The problem is: My neural network's prediction for every single one of my test images is "5". The probability is always about 22% no matter the actual digit displayed. I totally get why the results are not as great as those achieved with the mnist dataset's test images but I certainly didn't expect this. Do you have any idea why this is happening? Any advise is welcome. Thank you in advance.

Here's my code (edited, now working):

# import keras and the MNIST dataset
from tensorflow.keras.datasets import mnist
from tensorflow.keras.models import Sequential
from tensorflow.keras.layers import Dense
from keras.utils import np_utils
# numpy is necessary since keras uses numpy arrays
import numpy as np

# imports for pictures
from PIL import Image
from PIL import ImageOps

# imports for tests
import random
import os

class mnist_network():
    def __init__(self):
        """ load data, create and train model """
        # load data
        (X_train, y_train), (X_test, y_test) = mnist.load_data()
        # flatten 28*28 images to a 784 vector for each image
        num_pixels = X_train.shape[1] * X_train.shape[2]
        X_train = X_train.reshape((X_train.shape[0], num_pixels)).astype('float32')
        X_test = X_test.reshape((X_test.shape[0], num_pixels)).astype('float32')
        # normalize inputs from 0-255 to 0-1
        X_train = X_train / 255
        X_test = X_test / 255
        # one hot encode outputs
        y_train = np_utils.to_categorical(y_train)
        y_test = np_utils.to_categorical(y_test)
        num_classes = y_test.shape[1]


        # create model
        self.model = Sequential()
        self.model.add(Dense(num_pixels, input_dim=num_pixels, kernel_initializer='normal', activation='relu'))
        self.model.add(Dense(num_classes, kernel_initializer='normal', activation='softmax'))
        # Compile model
        self.model.compile(loss='categorical_crossentropy', optimizer='adam', metrics=['accuracy'])

        # train the model
        self.model.fit(X_train, y_train, validation_data=(X_test, y_test), epochs=10, batch_size=200, verbose=2)

        self.train_img = X_train
        self.train_res = y_train
        self.test_img = X_test
        self.test_res = y_test


    def test_all(self):
        """ evaluates the success rate using all the test data """
        scores = self.model.evaluate(self.test_img, self.test_res, verbose=0)
        print("Baseline Error: %.2f%%" % (100-scores[1]*100))
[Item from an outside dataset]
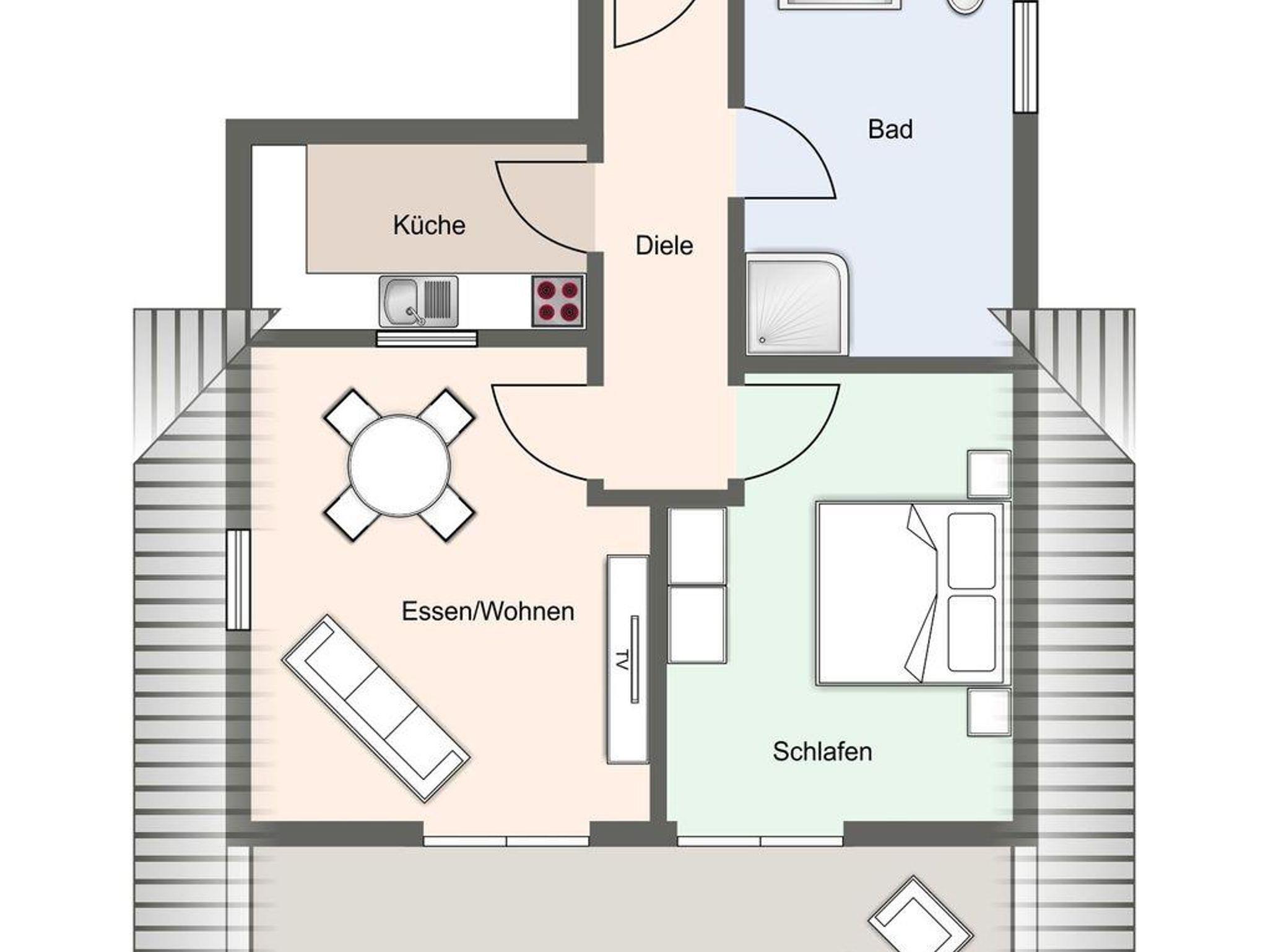 Das Duschbad ist großzügig gestaltet und bietet genügend Platz für Ihre Utensilien.

    def predict_result(self, img, num_pixels = None, show=False):
        """ predicts the number in a picture (vector) """
        assert type(img) == np.ndarray and img.shape == (784,)

        """if show:
            # show the picture!!!! some problem here
            plt.imshow(img, cmap='Greys')
            plt.show()"""

        num_pixels = img.shape[0]
        # the actual number
        res_number = np.argmax(self.model.predict(img.reshape(-1,num_pixels)), axis = 1)
        # the probabilities
        res_probabilities = self.model.predict(img.reshape(-1,num_pixels))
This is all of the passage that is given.